GE is using additive thermal spray technology originally developed to protect parts working inside jet engines to deposit the cathode and the electrolyte. The anode is screen-printed on the tile. “GE Global Research is the intellectual horsepower behind this technology,” says GE materials scientist Kirsten Brosnan. “Our materials are easy to apply, can handle large temperature swings and last a long time.”

The system generates electricity by feeding hydrogen-rich fuel heated to 1,500 degrees Fahrenheit through the channels cut under the anode. Equally hot air travels over the cathode. An electrochemical reaction mediated by the solid electrolyte between the hydrogen in the fuel and the oxygen in the air generates electricity, water, heat and synthetic gas, or syngas.

This syngas, which contains residual hydrogen, still holds enough energy for more power generation. Wellington’s team feeds the syngas to a Jenbacher engine attached to the fuel cell to generate additional electricity, bringing the electrical efficiency to 65 percent.

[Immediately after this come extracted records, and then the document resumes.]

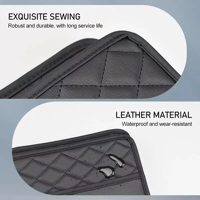 Gone are the days when you rummaged through your car in search of your phone or that elusive pack of tissues. With this organizer, you know where everything is. It’s not just about keeping things in place, but doing so with style. Given its versatile use, it’s ideal for long road trips, daily commutes, or even when you’re simply out and about. Waterproof, wear-resistant, and exquisitely crafted, this organizer promises longevity and performance. And with the chic black leather finish, it adds a dash of elegance to your car’s interior.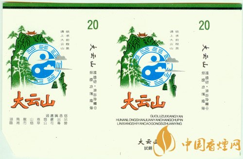 “太極八卦”在為道教所利用的同時,道家還認為“太極八卦”有神通廣大、鎮懾邪惡的功效。因而以道教名山為主題的煙標就少不了“太極八卦圖”。 上世紀80年代,湖南龍山卷煙廠出品的“大云山”煙標,主、副版不僅突出描繪了青翠欲滴的大云山峰,而且凸顯出“太極八卦圖”,同時在其右上方還印有“欲求前程景 請上大云山”字樣。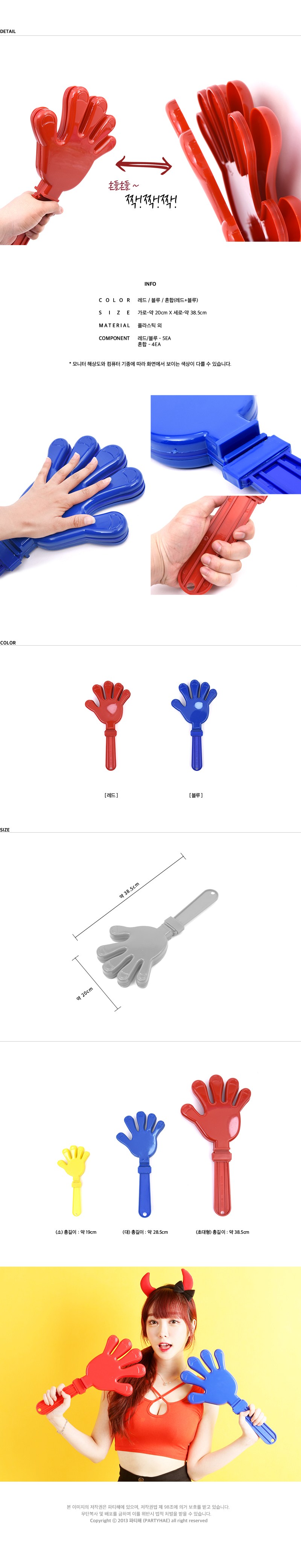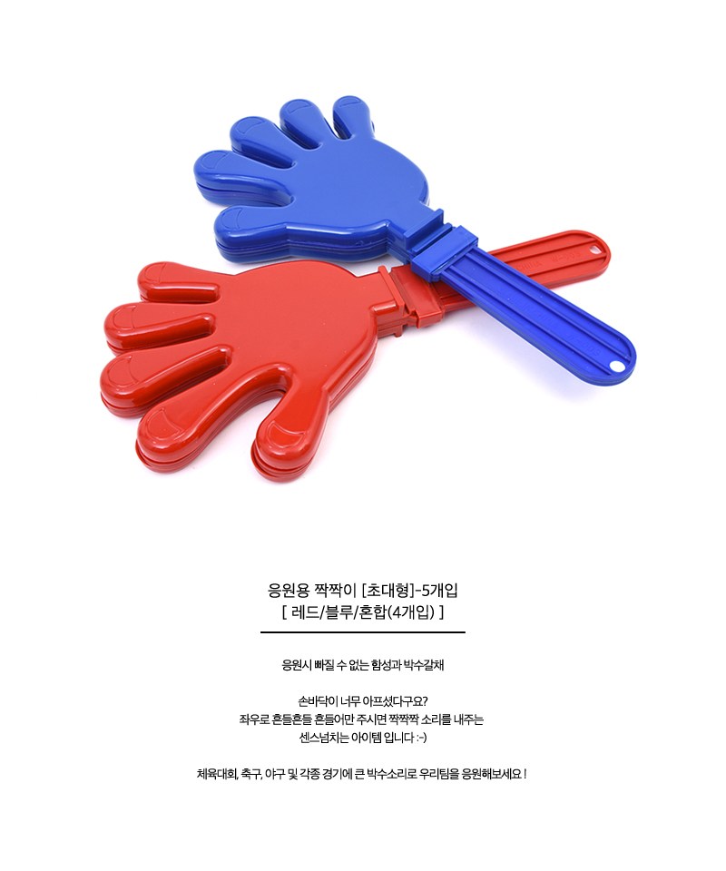 - 超大型拍手器,尺寸為20 x 38.5公分,讓您在啦啦隊應援時更加引人注目,輕鬆炒熱現場氣氛。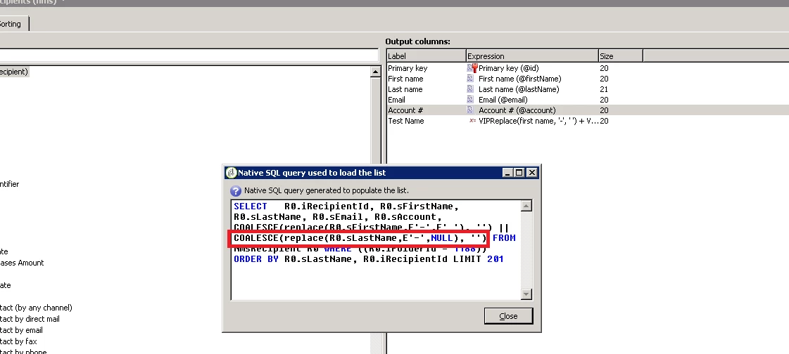 this doesnt : VIPReplace(@lastName,"-"," " )

The fuel cell business grew out of GE Global Research, but it now operates as an independent unit with its own board of directors. GE is building a new pilot development and manufacturing facility near Saratoga Springs, NY, that will be manufacturing the cells. The pilot facility is already filling up with robotic thermal spray equipment, fuel cell test stations, screen printers and towering bulk gas storage tanks.

Wellington runs her pilot facility with a startup mentality. “We have all of the speed, agility and focus of a small start-up while leveraging the strength of a big company” she says.